Regardless of headwinds in the market, Bayleys has fielded strong enquiry and completed numerous transactions on motel land and buildings, motel going-concerns, management rights businesses and holiday park properties since the pandemic lockdowns “There is investor demand and appetite and financiers have told me in recent weeks that for a deal to be backed, it would need to establish – along with the usual checks like up-to-date verified accounts – a report showing the allocation of domestic versus international travellers.”
Keene says in the small-medium segment of the motel market, most interest traditionally comes from localised investors and buyers although, with the investor hunt for income in full swing around the country, they’re fielding enquiry from other parts of New Zealand, too.
“In the motel sector, there’s not a lot of interest from offshore and of the most recent 17 transactions the Bayleys Hotels, Tourism and Leisure team has done, only one was an offshore purchaser.”
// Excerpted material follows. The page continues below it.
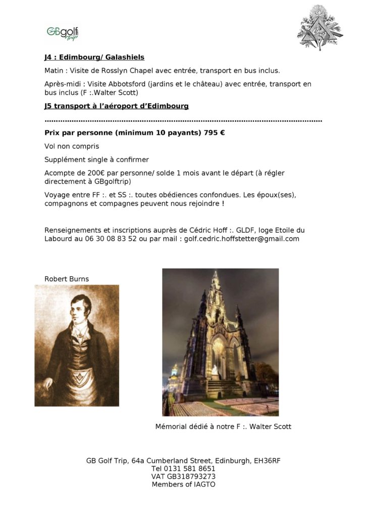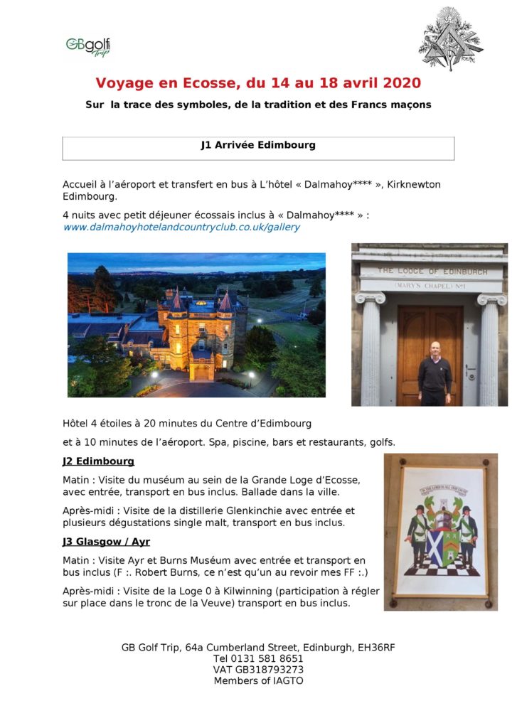 VOYAGE SYMBOLIQUE & MAÇONNIQUE EN ECOSSE Evenements | 13 janvier 2020 | 0 | by A.S. Nous avons reçu cette proposition de :VOYAGE SYMBOLIQUE & MAÇONNIQUE EN ECOSSE 14 au 18 avril 2020 TÉLÉCHARGER LE PROGRAMME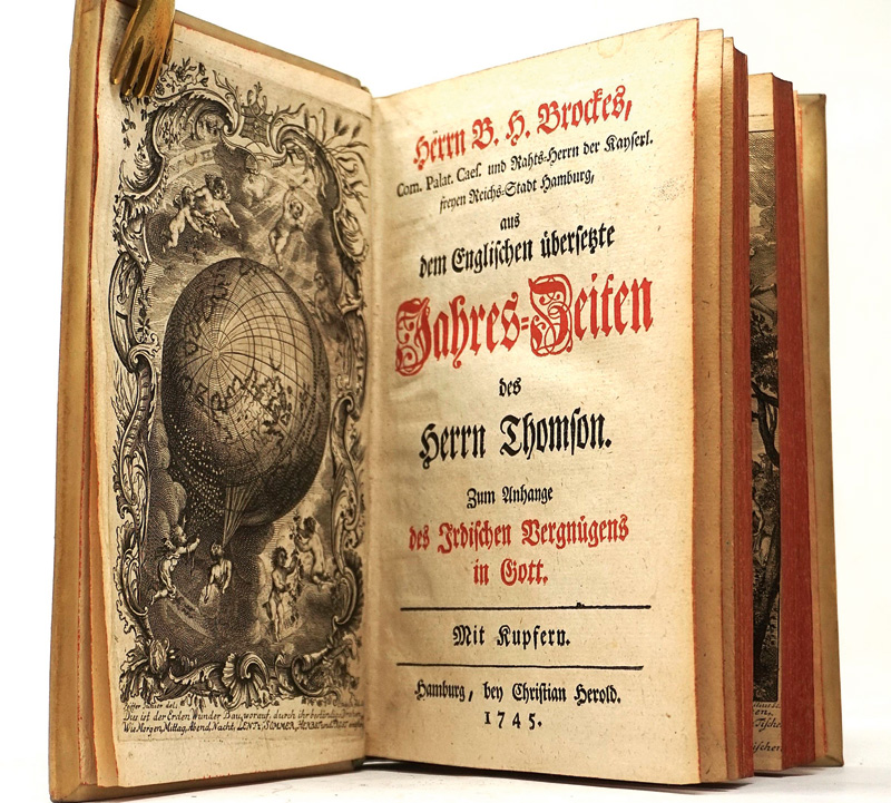 (1680-1747)Aus dem Englischen übersetzte Jahres-Zeiten des Herrn Thomson. Hamburg, C. Herold, 1745. - Erste Ausgabe

Four sizeable motel asset sales – one in Auckland and three in Taupo – completed by Bayleys Hotels, Tourism & Leisure after level three restrictions were lifted at the end of April, is a clear indication that investors and operators have confidence in the future of New Zealand’s tourism accommodation sector.
The three-storey 32-unit Parklane Motor Inn on Auckland’s North Shore was hotly contested and was eventually bought for $11.5 million sight-unseen by an offshore investor with existing property interests in Asia, Australia and Europe. Sited on 3,116 square metres of land, the new owner intends refurbishing the Motor Inn and improving its market appeal further.
In Taupo, the high-profile freehold land and two-storey buildings housing the 24-unit Karaka Tree Motel in Taupo sold for $2.8 million.
The commercial accommodation business (only) associated with the lakefront upmarket boutique motel business, The Cove, also sold – for a confidential price – with the lease in place until 2047; as did the land and buildings sustaining the 11-unit Executive Motel in the Taupo town centre with a 16-year lease in place.
Keene says Taupo has been a standout in the market both from an occupancy and sales volume perspective.
“Taupo can rely on visitors from Auckland and north, Bay of Plenty, Hamilton, Manawatu, and Hawke’s Bay.